Exercise description:
The data must be given again exactly as written, with all images omitted.

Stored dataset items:
*****
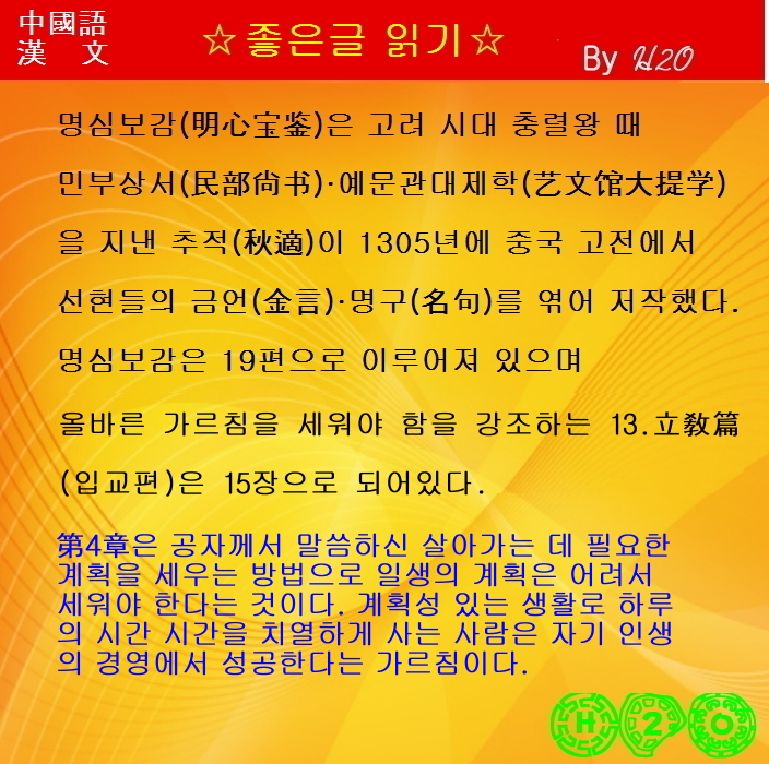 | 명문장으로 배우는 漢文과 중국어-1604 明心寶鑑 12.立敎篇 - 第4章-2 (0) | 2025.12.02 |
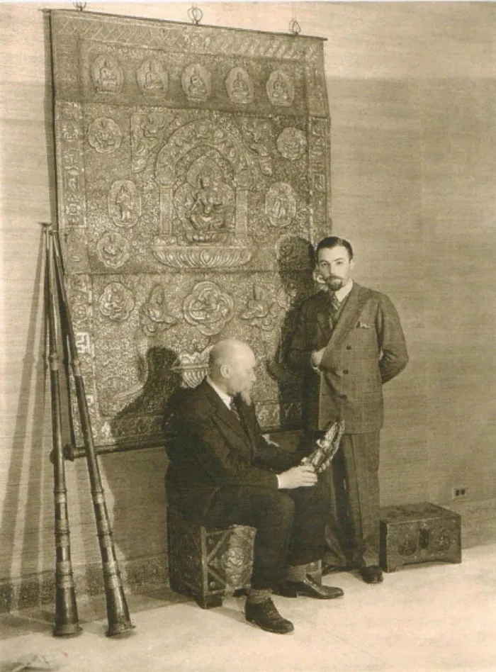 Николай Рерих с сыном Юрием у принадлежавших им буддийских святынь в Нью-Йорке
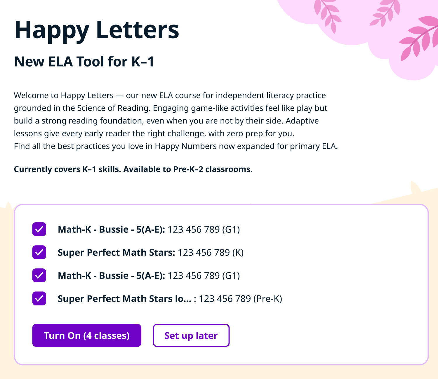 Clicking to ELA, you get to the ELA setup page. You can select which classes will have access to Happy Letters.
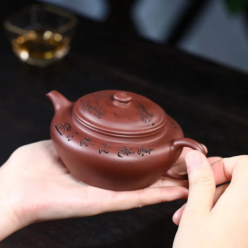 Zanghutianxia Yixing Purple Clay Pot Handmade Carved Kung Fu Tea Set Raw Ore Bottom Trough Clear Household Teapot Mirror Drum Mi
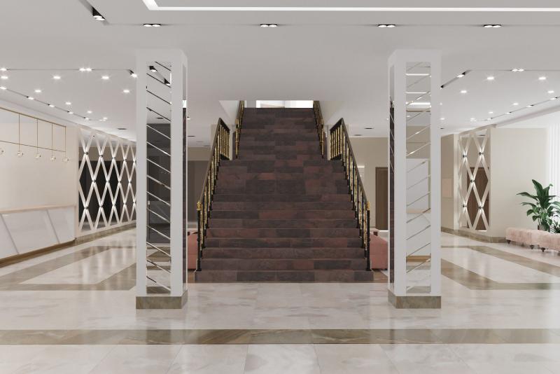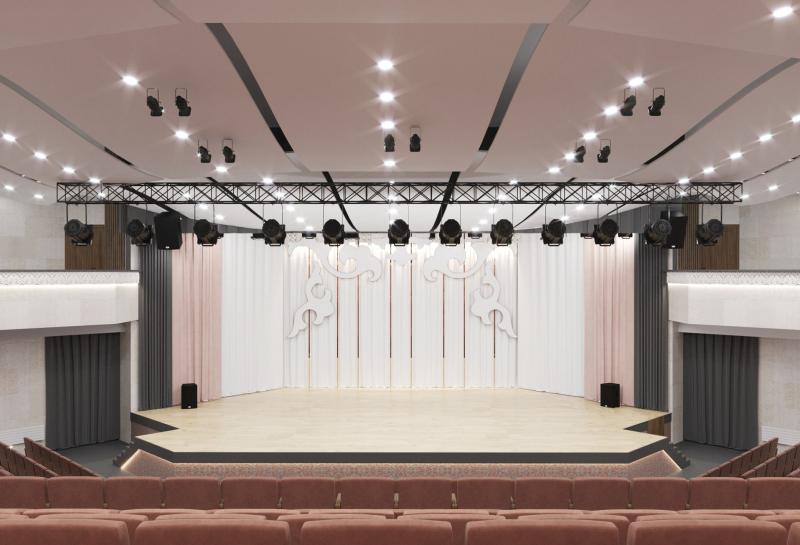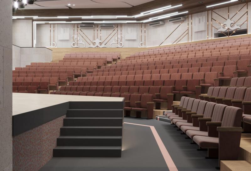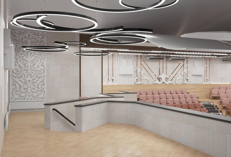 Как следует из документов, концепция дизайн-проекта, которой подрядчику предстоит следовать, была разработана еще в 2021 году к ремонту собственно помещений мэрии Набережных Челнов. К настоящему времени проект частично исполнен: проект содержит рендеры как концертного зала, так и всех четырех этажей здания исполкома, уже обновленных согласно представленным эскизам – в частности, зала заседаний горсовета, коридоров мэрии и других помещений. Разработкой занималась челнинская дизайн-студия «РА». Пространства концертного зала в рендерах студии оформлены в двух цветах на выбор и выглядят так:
*****
Solution to the problem:
 | 명문장으로 배우는 漢文과 중국어-1604 明心寶鑑 12.立敎篇 - 第4章-2 (0) | 2025.12.02 |
 Николай Рерих с сыном Юрием у принадлежавших им буддийских святынь в Нью-Йорке
 Clicking to ELA, you get to the ELA setup page. You can select which classes will have access to Happy Letters.
 Zanghutianxia Yixing Purple Clay Pot Handmade Carved Kung Fu Tea Set Raw Ore Bottom Trough Clear Household Teapot Mirror Drum Mi
 Как следует из документов, концепция дизайн-проекта, которой подрядчику предстоит следовать, была разработана еще в 2021 году к ремонту собственно помещений мэрии Набережных Челнов. К настоящему времени проект частично исполнен: проект содержит рендеры как концертного зала, так и всех четырех этажей здания исполкома, уже обновленных согласно представленным эскизам – в частности, зала заседаний горсовета, коридоров мэрии и других помещений. Разработкой занималась челнинская дизайн-студия «РА». Пространства концертного зала в рендерах студии оформлены в двух цветах на выбор и выглядят так:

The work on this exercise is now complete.